According to community activist Preston Love Jr., who pens a column for the Star, “There was pretty much a transparent and no wrinkle transition from Mildred to Marguerita. It happened without much of a blip in terms of the paper being published. I think Marguerita’s played several roles. To some degree early she played a caretaker role. Then she emerged to take more of an editor-in-chief role and she has moved into the role of publisher. So while the paper’s made a transition she has, too. She’s made some tough editorial decisions as well. All of that is a testament to her stewardship.”

Like her aunt before her, Washington’s been much honored for her work, including last summer by the Urban League of Nebraska. More recently, the City of Omaha proclaimed Tuesday, December 1 Marguerita Washington Day for her “commitment to the community and issues that have impacted African-American people” and for “her great sense of social justice and social responsibility.”

Her empowering marginalized people continued a long, unbroken line.

“The paper has been a staple to me and the community for generations.,” Love says. “Other African American newspapers have come and gone here over the years but the Omaha Star endured. In my generation it’s something we all grew up with and hold in very strong endearment.”

Love sold the paper as a boy and was Mildred Brown’s driver summers during college. His late father, musician-educator-author Preston Love, sold advertising for the Star. The son says it’s been a link for blacks here and who’ve moved away “like no other link – you can’t overstate how important that link is.”

If the Star should close, he says, “what would be lost is part of the personality of North Omaha. Embedded in that is history and culture.”

Hicks says blacks would lose a valuable platform for “telling it like it is in the community without having to always be politically correct.”

The Star may not have the readership or pull it once did, but that’s a function of these times.

“When I was growing up in Omaha the Star was all that we had,” Hughes recalls. “Now everyone is in the black lane competing for that black consumer market. When my company went into the cable industry 10 years ago there were two choices for black folks watching cable – BET or TV One. Now every cable and broadcast television station has some type of black programming, which makes it that much more difficult for us to secure advertising dollars.

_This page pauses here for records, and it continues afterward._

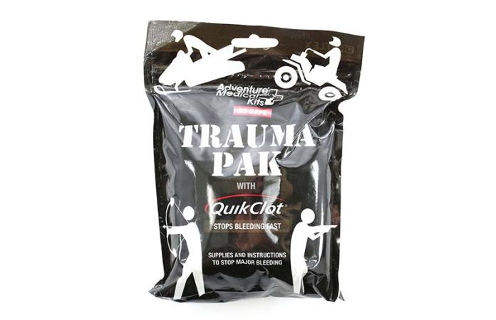 Adventure Medical Kits offers compact trauma kits that you can keep in a pocket, a bag or close at hand. The one I have close by is one of theirs with QuikClot as part of the package. In addition to the four different gauze dressing sizes, gloves tape and trauma pad, it has a packet of QuikClot—a hemostatic dressing that accelerates clotting. When you’re bleeding, the idea is to stop the bleeding as soon as possible.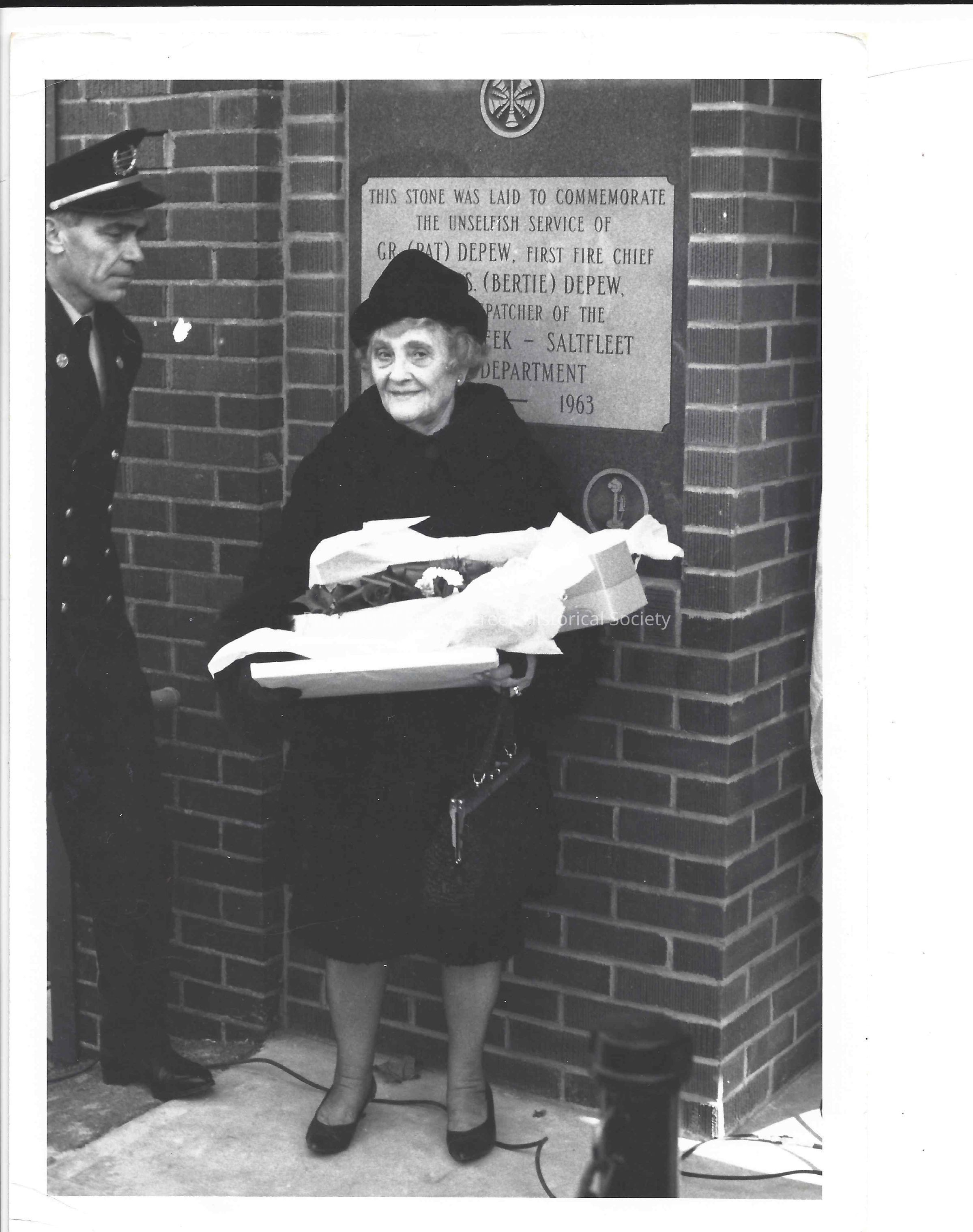 Unveiling of Stone to Honour Mrs. Bertie Depew. Bill Brandow with Bertie Depew. March 25 1963.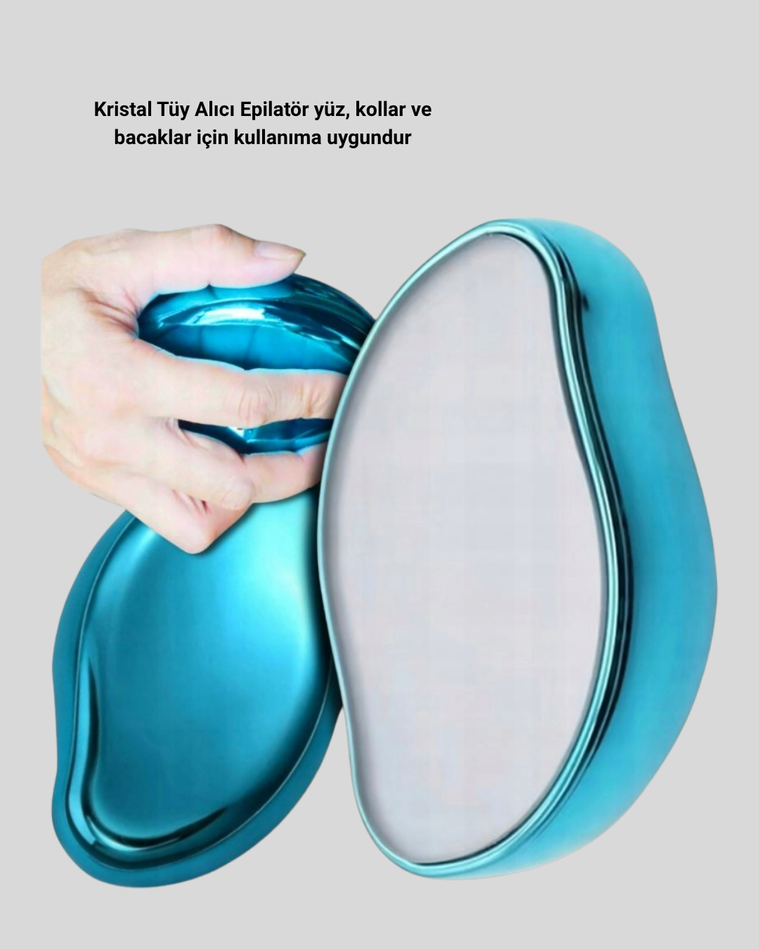 Kristal Tüy Alıcı Epilatör, cilt üzerinde nazik ve etkili tüy temizliği sağlayan tamamen mekanik bir bakım aparatıdır. Kimyasal kullanmadan, ağdasız, köpüksüz ve jiletsiz bir şekilde sadece tek bir ürünle hem tüylerden kurtulabilir hem de cildinizde peeling etkisi yaratabilirsiniz. Yüz, kol, bacak, el ve hassas bölgelerde rahatlıkla kullanılabilir olması ürünü çok yönlü bir bakım aracı haline getirir.Ürünün kristal yüzeyi, cilt üzerindeki tüyleri temasla aşındırarak temizler. Aynı zamanda ölü deri tabakasını uzaklaştırdığı için cilt tonunun daha aydınlık görünmesine katkı sağlar. Haftada 2–3 kez düzenli kullanım; tüylerin daha ince çıkmasına, cildin daha pürüzsüz olmasına ve zamanla daha az tüy çıkmasına yardımcı olabilir.Kullanım oldukça basittir: Tüy alınacak bölge ılık suyla yıkanır ve gözeneklerin açılması sağlanır. Kristal epilatör dairesel ve hafif baskı uygulanarak gezdirilir. Cilde zarar vermeyen bu mekanizma tahrişi azaltır ve acısız bir işlem sağlar. İşlem bittikten sonra cihaz yalnızca suyla durulanarak temizlenebilir. Ardından bölgeye nemlendirici sürülmesi cildin daha rahatlamış ve yumuşak kalmasını sağlar.Epilatör aynı zamanda pedikür etkisi oluşturarak topuklarda biriken ölü deriyi temizlemek için de kullanılabilir. Böylece hem tüy alma hem cilt bakım işlevini bir arada sunar.Taşınabilir, hafif ve kompakt yapısı sayesinde seyahatlerde ve günlük yaşamda yanınızdan ayırmak istemeyeceğiniz bir üründür.Krem, jel, tıraş köpüğü veya elektrik gerektirmeden çalışan bu kristal epilatör, ekonomik ve çevre dostu bir bakım çözümü sunar. Acısız, pratik ve hızlı tüy alma deneyimi arayan kullanıcılar için mükemmel bir tercihtir.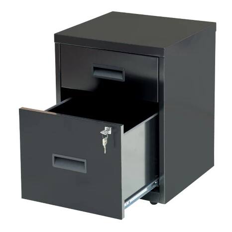 You get ample storage space with 2 drawers to put all of the documents you could ever need. The drawers can be locked if you need to store away confidential information and you don’t other people to see them. The drawer cabinet is strong and robust as its made out of metal. Black in colour to add some style into your office.

“Well, Marguerita has really had that problem with the Omaha Star. When her aunt was running it Mildred could candidly say to the head of the electric company, ‘The only way you’re going to reach these black folks is through me.’ Well, that no longer is true, they can reach ’em in social media, in a whole host of other ways.”

It may not be the presence it once was but Hughes leaves no doubt it’s meaning for her.

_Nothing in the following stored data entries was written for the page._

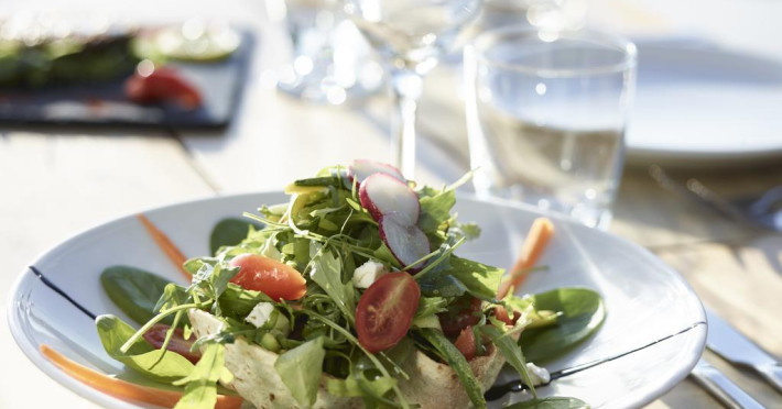 La Vencia oaspeții au la dispoziție un restaurant care servește mâncare à la carte. Preparate din bucătăria grecească așteaptă să fie degustate în fiecare zi. Masa poate fi servită atât în interior, cît si în aer liber, pe terasă, în funcție de vreme. Oaspeţii pot avea diverse băuturi răcoritoare sau alcoolice la bar. În cadrul proprietății există și un snack bar care servește băuturi și gustări. Pentru cei cu anumite nevoi de nutriție, Vencia oferă meniuri pentru diete speciale.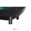 Столик на трех высоких ножках из массива дерева оттенка темный зебрано, фасадная грань со вставкой из металла, столешница треугольная с округлыми углами, на крышке вставка из зеленого мрамора.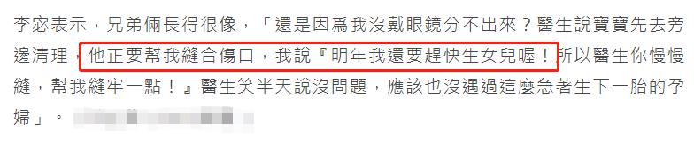李宓还坦言,医生在帮我缝合伤口期间,我已急切想生二胎。于是对医生说,明年我要赶快生女儿,医生你要慢慢缝合,缝牢固一点,结果把医生逗笑了,直言没遇过这么着急生二胎的孕妇。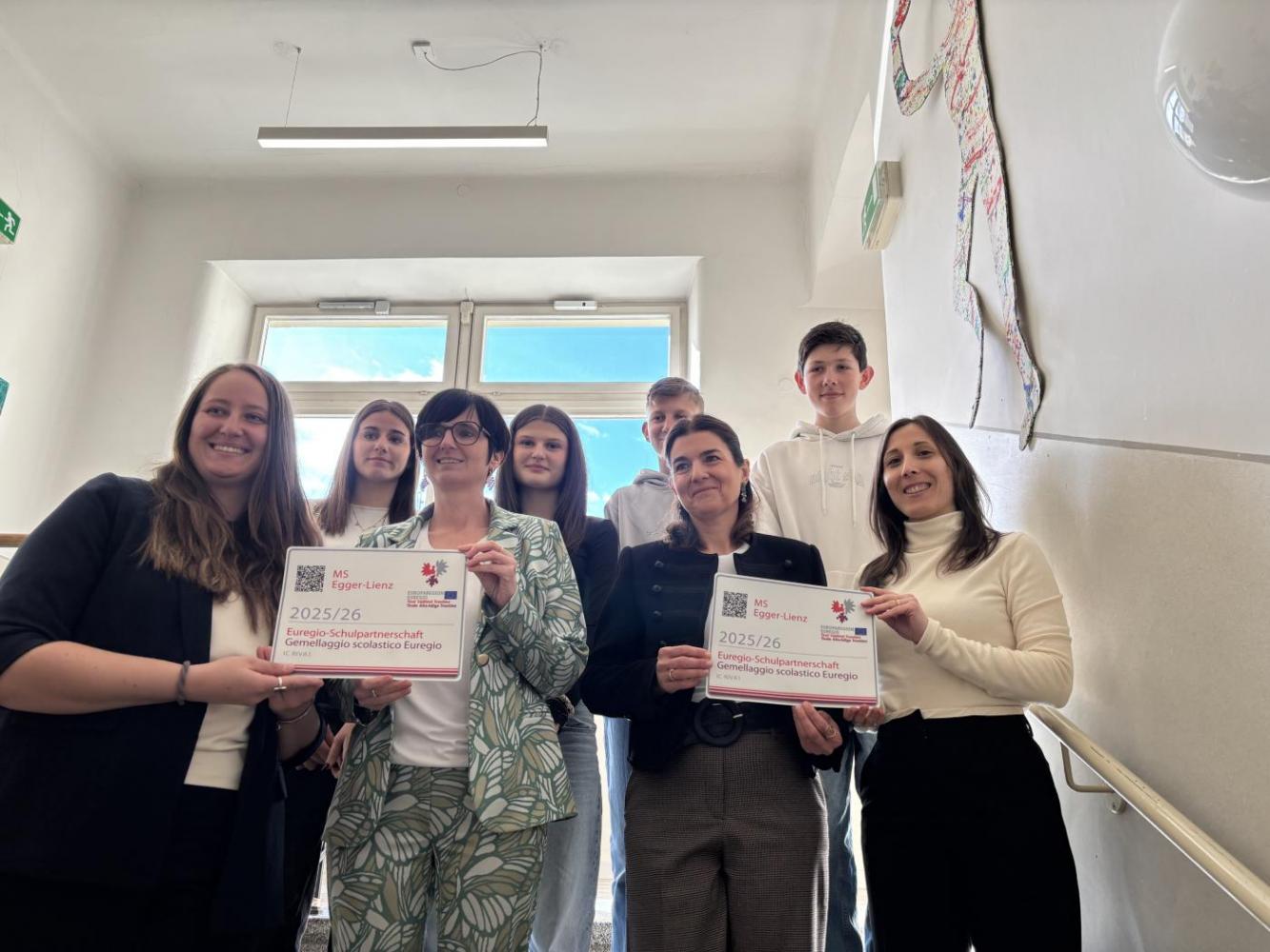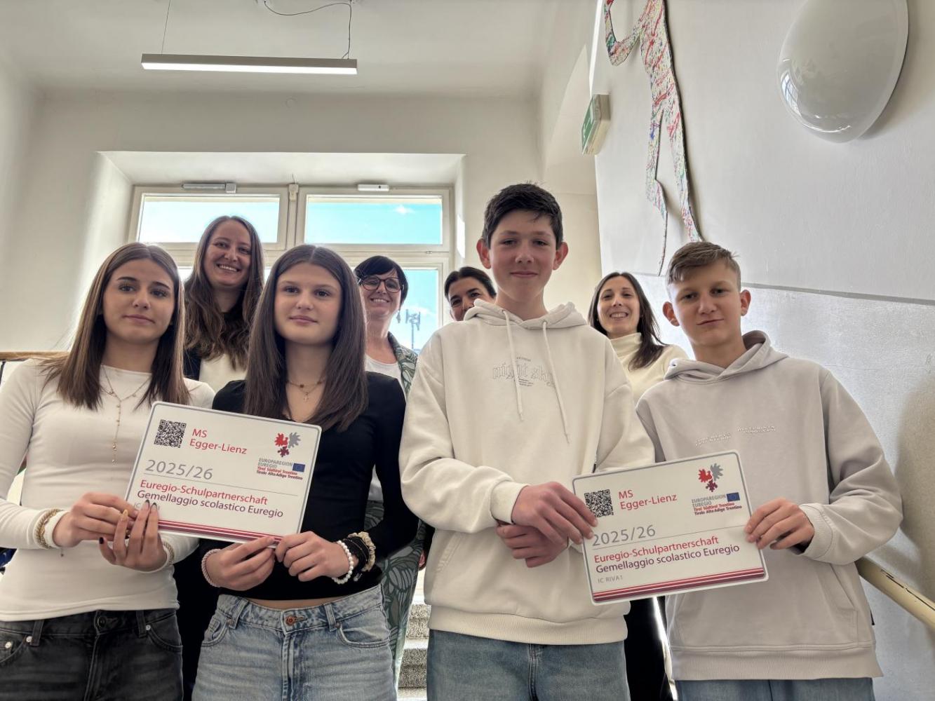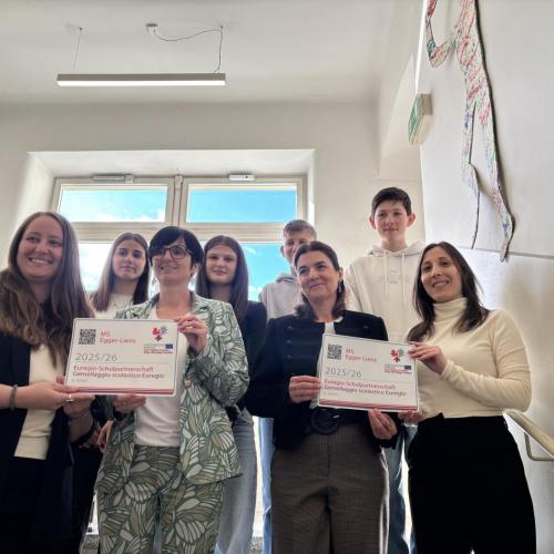Ein herzliches Danke, grazie und de gra an die Euregio Tirol-Südtirol-Trentino – für den spannenden und inspirierenden Vortrag und für die Auszeichnung unserer Schulpartnerschaft mit der Mittelschule „Damiano Chiesa“ in Riva del Garda.

“When I was on the front page of the Omaha Star I called up and ordered two dozen copies – I was sending my Omaha Star out to everybody. And I laughed at myself and said, ‘Boy, that’s the little girl still in you.’ It was like hometown approval. It’s more than just the hometown newspaper to me, it’s the approval of the folks in Omaha, it’s the cheering, it’s the you-did-good, we’re-proud-of-you vehicle

“It inspired me then and it still does today.”

She says she hasn’t been formally approached about how she might assist the Star but would entertain ideas.

Preston Love says such deep sentiments about the Star are not just based on its rich past but its vibrant life today.

“The contribution the paper is making today should not be overlooked.
So it is not just historical but the present and the future. What it does to provide a platform for columnists, churches, businesses, community organizations and individual accomplishments is all right now.”

He says he and other concerned observers “will fight tooth and nail” any transition not deemed in the best interests of North Omaha.

Having arrived at this each-one-to-teach one and it-takes-a-village juncture, the Star’s fate is in the people’s hands as never before.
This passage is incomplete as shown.